И Варя за все это время почти и не касалась памятью того, о чем твердо решила забыть. Но вот сегодня, когда она шла позади саней и глядела на Ларионову спину, она опять испытала горькие минуты. Первая мысль была: как все-таки тяжко без мужа, без помощника!.. А вторая: Пашка-то ведь ей никогда помощником и не был. Будь он сейчас дома, она так же, как и теперь, волочила бы на себе эти дрова, сама бы их рубила, сама бы летом косила, гребла. Пашка все умел, но ни до чего охоты не было. А Варя, которая его любила, сначала этим и не огорчалась: ей думалось, что чем усерднее будет она сама обо всем хлопотать, тем больше будет любить и ценить ее муж. Уж потом она поняла, как ошиблась.

…Зачем же она теперь об этом вспомнила опять? Неужели ее чем-то растревожил этот молчаливый, одинокий, красивый мужик? Ведь с ним всего несколько слов было сказано, но Варе думалось, что за таким, как этот Ларион, жилось бы легко. При всей его молчаливой суровости было в нем и что-то мягкое, ласковое. Что-то не от женатого мужика, а от совсем молоденького парня, который еще всего боится и всего уже горячо желает. Было в этом человеке какое-то терпение к судьбе, угадывалась доброта. А у Пашки ничего этого не было. Тот все хотел взять у жизни срыву, без труда, без всякой оглядки.
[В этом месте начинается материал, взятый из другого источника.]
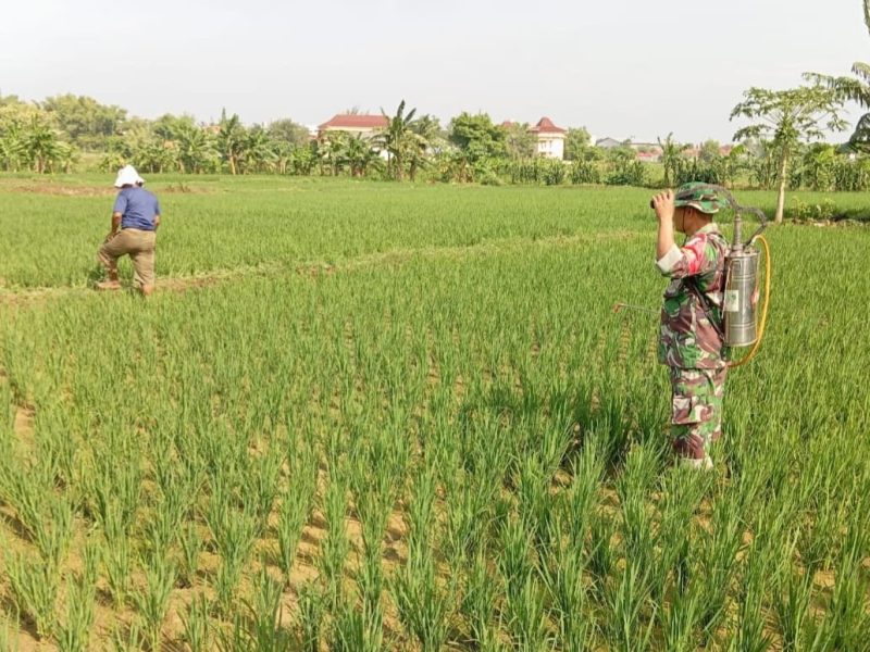 ISSUE.CO.ID,PAMEKASAN – Babinsa Koramil 0826-03/Proppo, Sertu Moh. Hasan, melaksanakan kegiatan pendampingan pertanian dengan membantu penyemprotan tanaman padi agar terhindar dari serangan hama dan penyakit. Kegiatan tersebut berlangsung di persawahan milik Moh. Salehuddin yang berada di Desa Toket, Kecamatan Proppo, Kabupaten Pamekasan.

Варе подумалось, что такой человек, как Ларион, наверное, никого не обидит и не может у него быть врагов, хотя вряд ли есть и закадычные дружки. Он, наверное, и среди своих погодков кажется старшим, и с ним нельзя запанибрата… Это у Пашки Жданова дружков было полно, но все до первого случая: ругались, мирились, снова ругались… А Ларион, думается, не обидит, но вряд ли и простит… Может быть, и она, Варя, такая же? Как она старалась забыть, а вот, оказывается, не забыла своих обид. Их много было, но некоторые, наверное, всю жизнь будут помниться. Хотя другие женщины конечно бы на такое махнули рукой.

Первая обида ударила ее неожиданно, в первый же год после свадьбы. И Варя совсем не была к этой обиде готова. Ей хотелось, чтобы была у нее девочка, и родилась девочка. Послали за Пашкой, а он, то ли в шутку, то ли сдуру, велел сказать Варе, чтобы она теперь его не ждала, и «с горя» поехал бить глухарей.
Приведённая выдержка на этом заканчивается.